TASK PROMPT:
With the images excluded, set down every line of the listing below exactly.

DATA EXTRACT:

Content starts

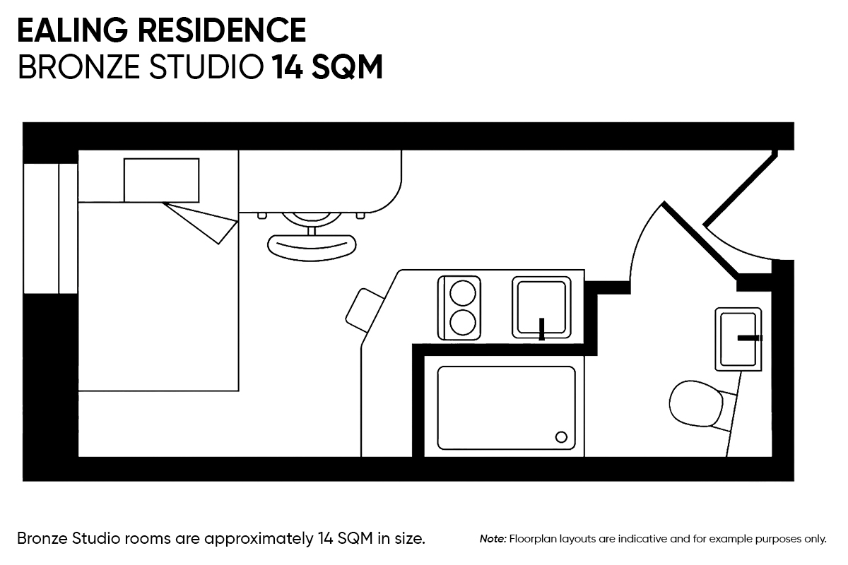 These student rooms come with a bed, en suite bathrooms, study area, storage space and kitchenette.
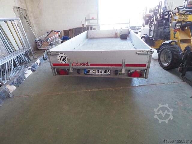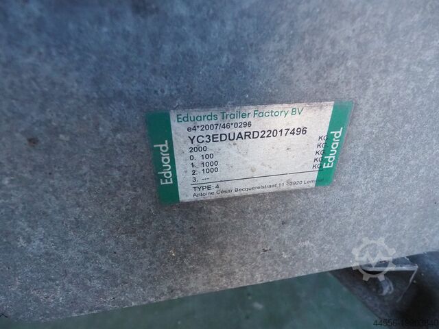 2-осный автоприцеп, открытый кузов, производитель: Eduards, модель: P4, дата первой регистрации: 10.02.2023, техосмотр до: 04/27, грузоподъемность: 2 000 кг, VIN: YC3EDUARD22017496, госномер: BOR - N 4006, оснащение: алюминиевая надстройка, опорное колесо.
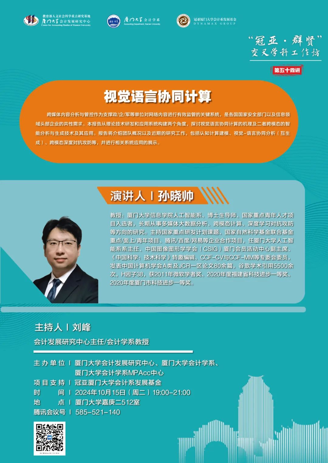 厦门大学会计学科历来注重学科交叉。2017年厦门大学会计学系设立“群贤”交叉学科论坛,已举办22期;2022年厦门大学会计发展研究中心设立“冠亚”交叉学科工作坊,已举办23期。经商定,两个交叉学科论坛自第46期起,合并为“冠亚·群贤”交叉学科工作坊,由厦门大学会计发展研究中心、厦门大学会计学系和厦门大学会计学系MPAcc中心联合主办,并获 “冠亚厦门大学会计学系发展基金”的支持。目前的计划是每月上、下旬各一次。

Content ends

YOUR RESPONSE:
 These student rooms come with a bed, en suite bathrooms, study area, storage space and kitchenette.
 2-осный автоприцеп, открытый кузов, производитель: Eduards, модель: P4, дата первой регистрации: 10.02.2023, техосмотр до: 04/27, грузоподъемность: 2 000 кг, VIN: YC3EDUARD22017496, госномер: BOR - N 4006, оснащение: алюминиевая надстройка, опорное колесо.
 厦门大学会计学科历来注重学科交叉。2017年厦门大学会计学系设立“群贤”交叉学科论坛,已举办22期;2022年厦门大学会计发展研究中心设立“冠亚”交叉学科工作坊,已举办23期。经商定,两个交叉学科论坛自第46期起,合并为“冠亚·群贤”交叉学科工作坊,由厦门大学会计发展研究中心、厦门大学会计学系和厦门大学会计学系MPAcc中心联合主办,并获 “冠亚厦门大学会计学系发展基金”的支持。目前的计划是每月上、下旬各一次。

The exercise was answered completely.